As the world’s population ages, age-related diseases continue to increase. Current scientific research has identified nine characteristic defects that experts believe cause unhealthy aging.
“Correcting these aging characteristics is believed to be able to improve or reverse many age-related disorders and help people age in a healthier way,” Sekhar said. “However, we do not fully understand why these distinctive defects occur, and there are currently no solutions to correct even a single distinctive defect in aging.”
However, the results from Sekhar’s trial are promising, as GlyNAC supplementation for 24 weeks improved four of the nine aging defects. To learn more about how GlyNAC could help mitochondria recover fully, the team conducted a pilot clinical trial.
“We worked with eight older adults ages 70 to 80, comparing them to younger adults of the same gender ages 21 to 30,” Sekhar said. “We measure glutathione in red blood cells, mitochondrial fuel oxidation, plasma biomarkers of oxidative stress and oxidative damage, inflammation, endothelial function, glucose and insulin, gait speed, muscle strength, exercise capacity, cognitive tests, damage genetic, glucose production and muscle protein breakdown rates and body composition. Before taking GlyNAC, all of these measurements were abnormal in older adults compared to younger people. “
The team instructed the older adults to take GlyNAC for 24 weeks and then off it for 12 weeks. Sekhar and his team took measurements at the midpoint (12 weeks) and after the 24-week period. They repeated these measurements after the participants also stopped taking GlyNAC for 12 weeks.
“We are very excited about the results,” said Sekhar. “After taking GlyNAC for 24 weeks, all of these defects in older adults improved and some reverted to the levels found in young adults.” The researchers found that the volunteers tolerated the supplement well throughout the study period. However, the benefits began to wane after the participants stopped taking the supplement.
“I am especially encouraged by the improvements in cognition and muscle strength, ”Sekhar said. “Alzheimer’s disease and mild cognitive impairment (MCI) are serious medical conditions that affect memory in older people and lead to dementia, and there are no effective solutions for these disorders.
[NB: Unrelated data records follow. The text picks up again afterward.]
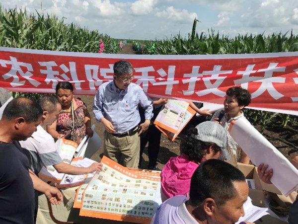黑龙江省桦川县是中国农业科学院“科技扶贫”示范县,由作物科学研究所负责牵头实施。按照所党委安排,作科所作物栽培与耕作中心负责承担科技扶贫项目工作任务。按照院党组“脱贫攻坚主战场在哪里,中国农科院的专家团队就在哪里”的指示精神,结合“支部建在创新团队上”,作物栽培与生理创新团队党支部与桦川县苏家店镇新胜村党支部开展了共建活动,积极探索党建和科研、扶贫相互促进的工作模式。创新团队的科技人员中党员占多数,村党支部的成员是农户中的先进代表,两个党支部的合作有效地推动了“科技扶贫”工作的进展。项目开展之初,通过两个党支部的对接,村支部成员提供当地生产条件并提出技术需求,创新团队支部组织各方资源提供技术支持,共同完成了科技扶贫的技术方案。项目实施期间,村支部党员身先士卒协调示范基地,组织人员配合实施,创新团队党员以身作则亲力亲为实施各项技术、进行技术培训。共同的目标、共同的身份把两个党支部联系在一起,党建工作和科技扶贫都开展的有声有色,也带动了周边群众对这项工作的重视和认可,充分发挥了党支部战斗堡垒作用和党员的先锋模范作用。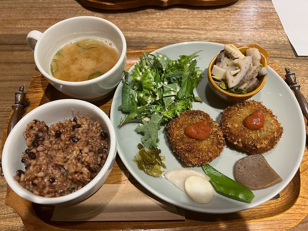 First of all I was thrilled to find a mostly vegan restaurant. All Japanese restaurants have been meat heavy. We had a lunch combo with vegan cutlets and a seitan sandwich. Both meals were delicious.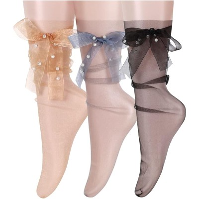 Women Sheer Lace Socks Fashion Girls Tulle Slouch Mesh Socks Loose Clear Socks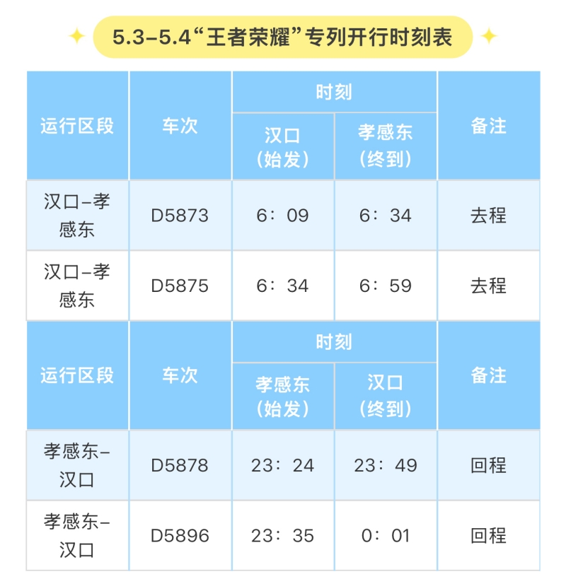 “王者榮耀專列”(5月3日和5月4日),每日安排四趟為您免費服務,在漢口站、孝感東站、孝感奧體中心專列服務臺領取“王者榮耀專列乘車證”直接進出站乘車,數(shù)量有限,先到先得,送完為止!具體時刻表如下: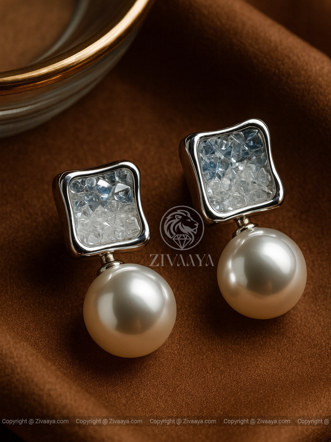 Moonlit Glow Pearl Drop Earrings – Silver Shine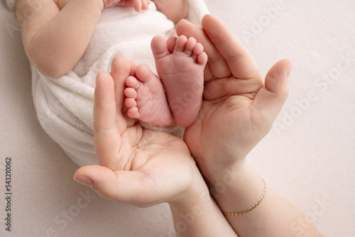 The palms of the parents. A father and mother hold the feet of a newborn child in a white blanket on a white background.. The feet of a newborn in the hands of parents. Photo of foot, heels and toes.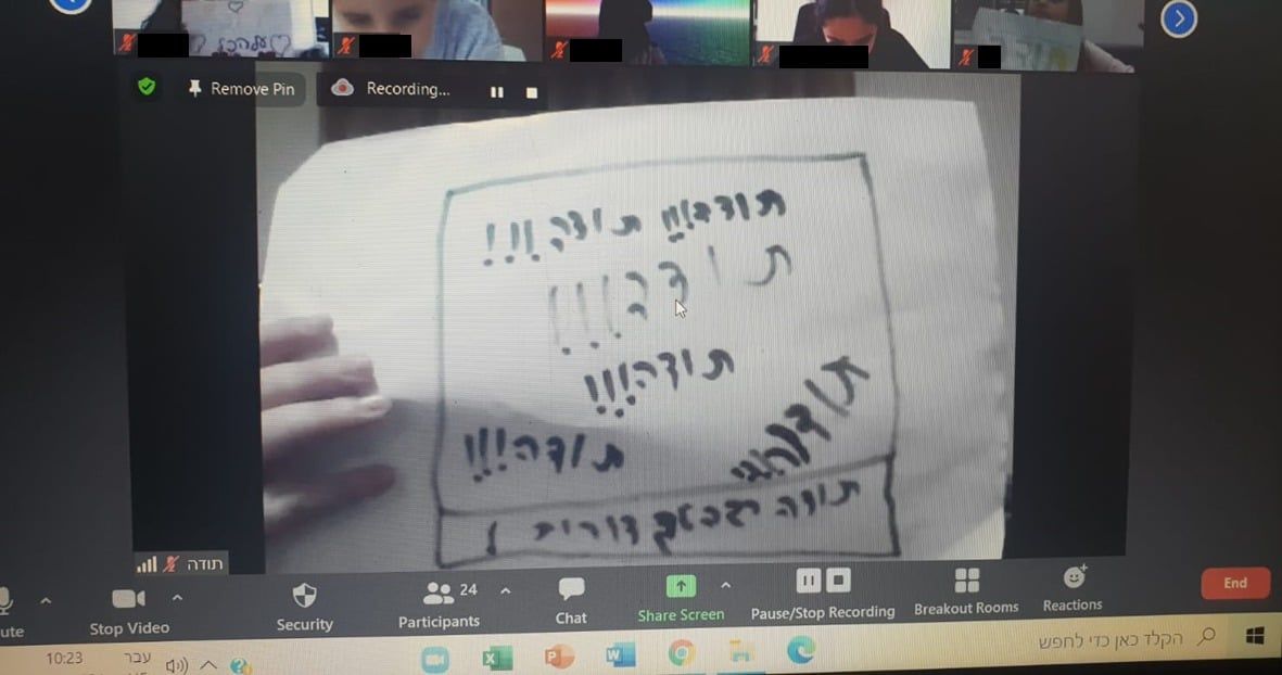 פשוט להגיד תודה! תלמידי ביה"ס הרצוג במזכרת בתיה הפתיעו את מורתם וחברת מועצת גדרה, דורית בן בוחר, בזמן שיעור בזום כאשר פשוט אמרו לה "תודה"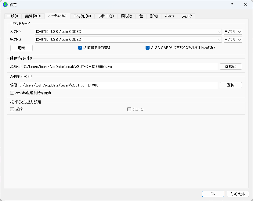 C:\Users\XXXXX\AppData\Local\ (XXXXXはユーザー名)の中に「WSJT-X - IC9700」というフォルダーが作られます。

We are exploring the possibility that GlyNAC could help with these conditions by conducting two pilot randomized clinical trials to test whether GlyNAC supplementation could improve cognitive impairment-related defects in Alzheimer’s disease and MCI and possibly improve cognitive impairment. cognitive function “.
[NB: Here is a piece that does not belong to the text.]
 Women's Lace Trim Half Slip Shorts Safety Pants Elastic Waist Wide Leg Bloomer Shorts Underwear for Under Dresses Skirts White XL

“The overall findings from the current study are very encouraging,” Sekhar said. “They suggest that GlyNAC supplementation could be a simple and viable method to promote and improve healthy aging in older adults. We call this the ‘Power of 3’ because we believe the combined benefits of glycine, NAC and glutathione are needed to achieve this widespread and far-reaching improvement. We have also completed a randomized clinical trial on GlyNAC supplementation versus placebo in older adults, and those results will be published soon. “
Final thoughts on how researchers determined that certain amino acids improve cognition in older adults
A groundbreaking study from Baylor College of Medicine found that older adults taking glycine and N-acetylcysteine supplements had markedly improved health. These amino acids are the precursors of the natural antioxidant glutathione, the main ingredient in the supplement GlyNAC. The researchers noted that adults who took GlyNAC supplements for 24 weeks had better cognition along with many other improvements. These findings may lead to better treatments for age-related diseases in the future.